Question

1. let $\mathcal{u}$ be the solid tetrahedron bounded by the planes $x = 0, y = 1, z = 0$, and $x + 2y+3z = 8$. (the vertices of this tetrahedron are $(0,1,0),(0,1,2),(6,1,0)$, and $(0,4,0)$). write the triple integral $\iiint_{\mathcal{u}}f(x,y,z)dv$ as an iterated integral.

Explanation:

Step1: Determine the range of \(y\)

The plane \(y = 1\) and from the vertices, the lower - bound of \(y\) is \(y = 1\) and the upper - bound is \(y = 4\).
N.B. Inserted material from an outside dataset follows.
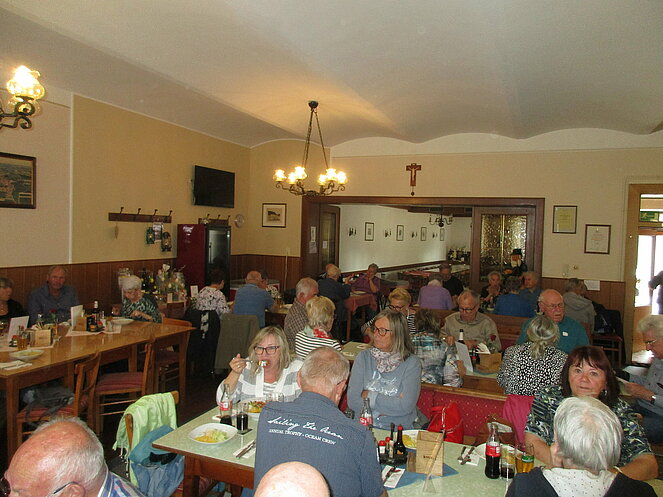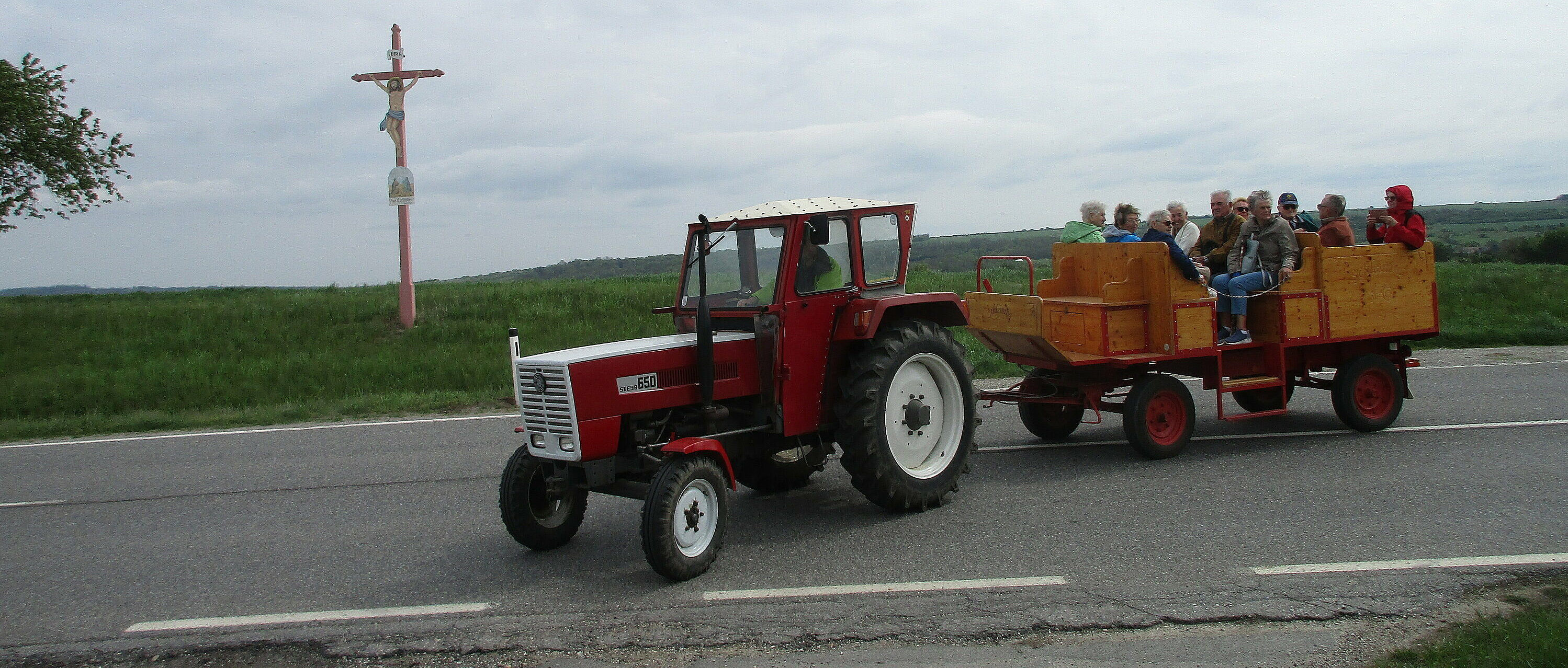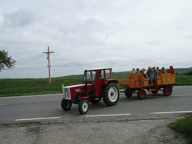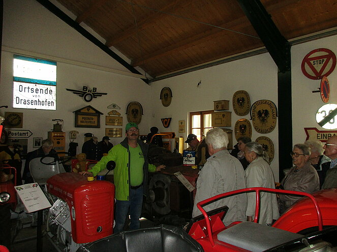 Mit dem Traktor ging es anschließend zum Mittagessen beim Dorfwirt in Klein Schweinbarth. Nach dem Mittagessen fuhr man mit den Trktoren, nach einem Aufenthalt am Kreuzberg zurück ins Museum, wo durch einen weiteren Teil der Sammlung geführt wurde.

So, \(1\leq y\leq4\).

Step2: Determine the range of \(x\) in terms of \(y\)

From the plane \(x+2y + 3z=8\) and \(z = 0\), we get \(x=8 - 2y\). Also, \(x\geq0\). So, \(0\leq x\leq8 - 2y\).

Step3: Determine the range of \(z\) in terms of \(x\) and \(y\)

From the plane \(x + 2y+3z=8\), we can solve for \(z\) as \(z=\frac{8 - x - 2y}{3}\). Since \(z\geq0\), \(0\leq z\leq\frac{8 - x - 2y}{3}\).

Step4: Write the iterated integral

The triple - integral \(\iiint_{U}f(x,y,z)dV\) can be written as \(\int_{1}^{4}\int_{0}^{8 - 2y}\int_{0}^{\frac{8 - x - 2y}{3}}f(x,y,z)dzdxdy\).

Answer:

\(\int_{1}^{4}\int_{0}^{8 - 2y}\int_{0}^{\frac{8 - x - 2y}{3}}f(x,y,z)dzdxdy\)